I'm not a fan of repeat posts across the boards, but you might also post this same question in the taxes section of money & services. Atlantataxexpert seems to answer questions in that forum quite promptly and with great knowledge.
* edited in * forgot to mention, if you are going to school there might be a hardship form that would enable you to have a loan against your 401k instead of a withdrawl... this might not be true, but if it is it would save you money... you'd probably need to roll the $ into another administrator... again, others need to help on this one.
ScottGem
Aug 15, 2006, 07:39 AM
The tax hit will depend on your personal situation. Assuming you were not to earn any more this year, you would have to pay taxes on $36K. The 20% that KRS refers to is just the Witholding. The plan admins are required to withhold that just as taxes are withheld from your salary. However, that witholding is just federal taxes, not any state or local. What you actually pay is dependent on your total income for the year.
In addition to the tax bite, you will also have a 10% penalty taken. This is the early withdrawal penalty. Since the company is closing, you will not have a loan provision.
I would recommend not using the 401K unless you absolutely have to. If they are giving you a lumpsum payout of your pension, use that first. While there are still taxes to pay on that, you don't have the penalty. Rollover the 401K money into an IRA. If you still need to cash out some of that you can and only have to pay for what you actually take out.
Naldoon
Oct 24, 2006, 06:54 PM
Okay I'm abit young and new. I'm going through something rather similar myself. I have done a lot of research so allow me to help you out abit!
You money, regardless of the amount 20% taxes are withheld automatically. If you pull the money out and roll it over within 60 days you will get ALL or PART of the money.
Further, if you do NOT put it away within the 60 days, you are then taking another penalty of 10% if you are under the age of 59 1/2.
If the money you take in pocket sets you into a new income bracket. You are taxed more on that.
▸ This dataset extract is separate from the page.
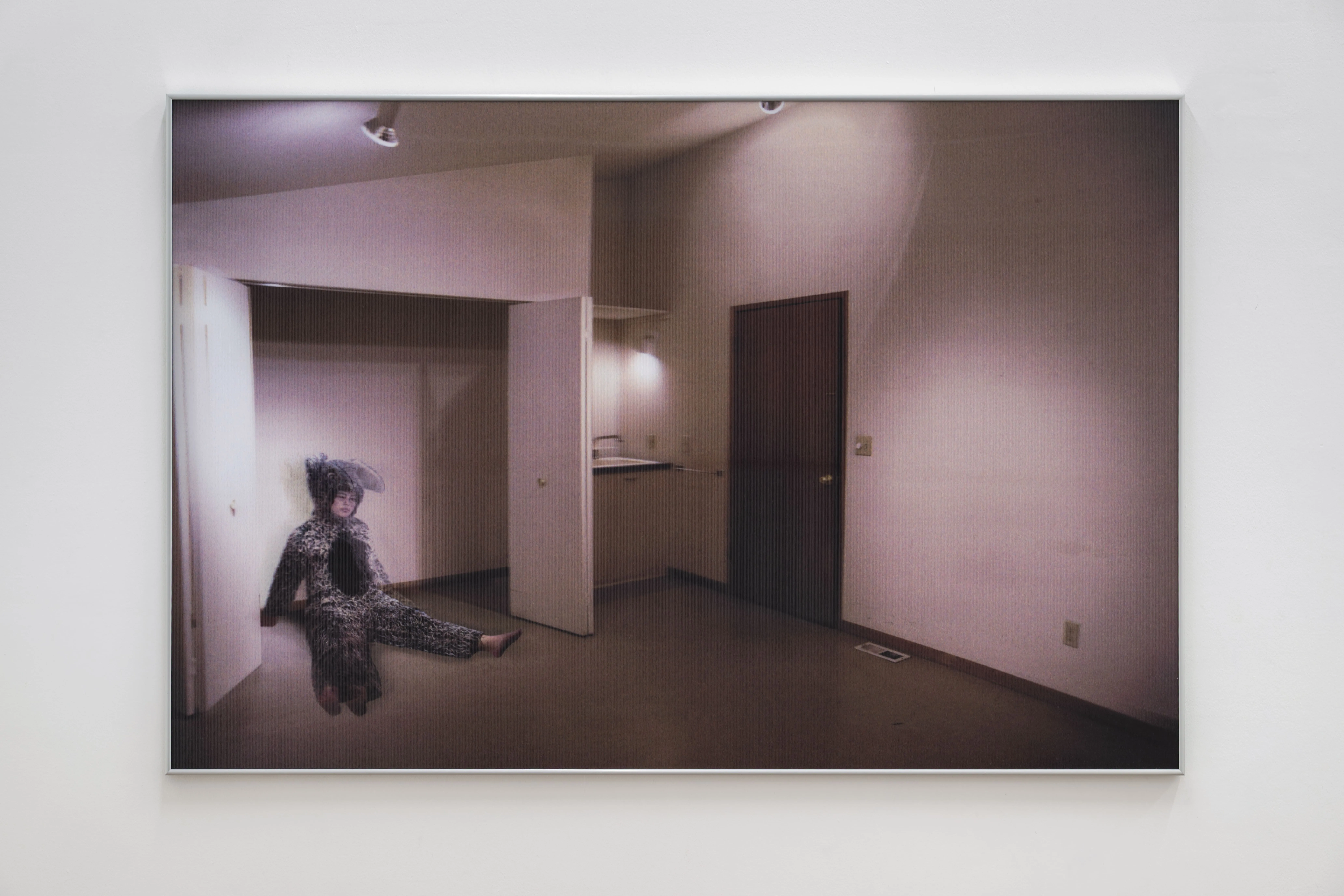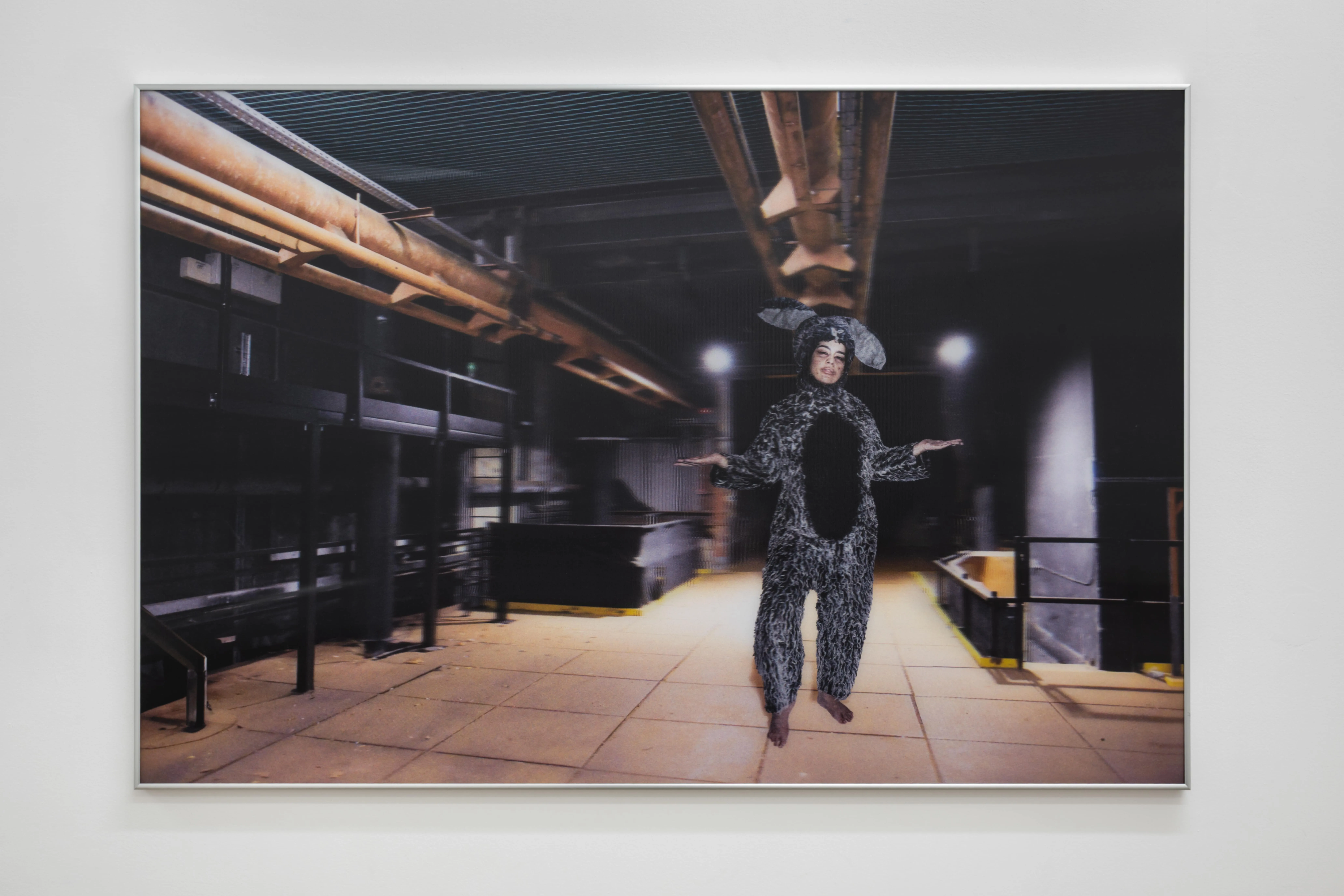 The prints you present in the exhibition combine three concepts: a rabbit-like Disney adult, liminal spaces, and a certain 90s album cover aesthetic: I love them. Can you tell me more about this character and the read thread connecting the three prints?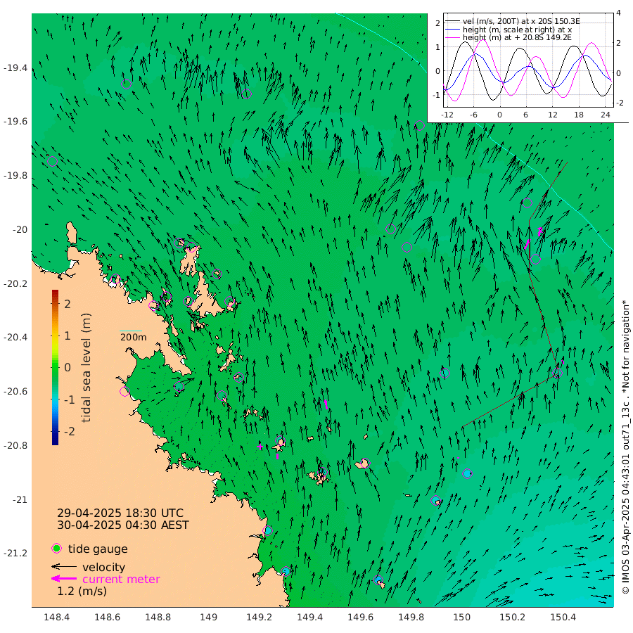 28cm/s -2T +10cm/s rms + 2cm/s 5T. Brampton I 18m 44cm/s -11T +9cm/s rms + 6cm/s 66T. Wigton I 38m 5cm/s 15T +7cm/s rms + 8cm/s 141T. Tern I 47m 44cm/s 11T +7cm/s rms + 12cm/s 54T. N Bugatti Rf 64m 55cm/s 27T +3cm/s rms + 13cm/s 178T. W Bugatti Rf 70m 19cm/s -13T +3cm/s rms + 3cm/s -130T. Creal Rf 69m -46cm Holbourne I -102cm Tern I -53cm Bugatti Rf -73cm Creal Rf -43cm White Tip I -33cm Wallaby Reef -40cm Kennedy Reef -45cm Unnamed Reef No. 2 -40cm Tideway Reef -49cm Hayman Island -55cm Square Reef -56cm Double Bay -29cm Molle Island -48cm Cid Harbour -48cm Hook Island -36cm Border Island -45cm Haslewood Island -50cm Shute Harbour -60cm Thomas Island -77cm Credlin Reef -64cm East Repulse Island -57cm Blacksmith Island -57cm Laguna Quays -75cm Carlisle Island (Off) -90cm St. Bees Island -77cm Scawfell Island -92cm Penrith Island -91cm Mackay Outer Harbour -105cm Hay Point -119cm Prudhoe Island

However, if you leave the money in there, you can take a loan up UP TO 1/2 in your 401k. Because the other 1/2 is what you can loan against. Also, ALL interest paid on that load is interest PAID TO YOU. You can also loan out more against it for hardships (house burn down), schooling, or puchase of a house. Because then you can use your house as an asset against that loan.
I'm not too sure on this though... if you are set over the financial bracket, I'm NOT sure if that's pre or post the penalties or taxation. Also, I'm not sure, but I think it's a flat tax of another 10% if it sets you into the new bracket.
Either way, it's best to expect to only see 60% of that money and 40% taken from you. So if you do take it, don't go on a spending spree, hold the money or at least another 10% to cover any possible taxes.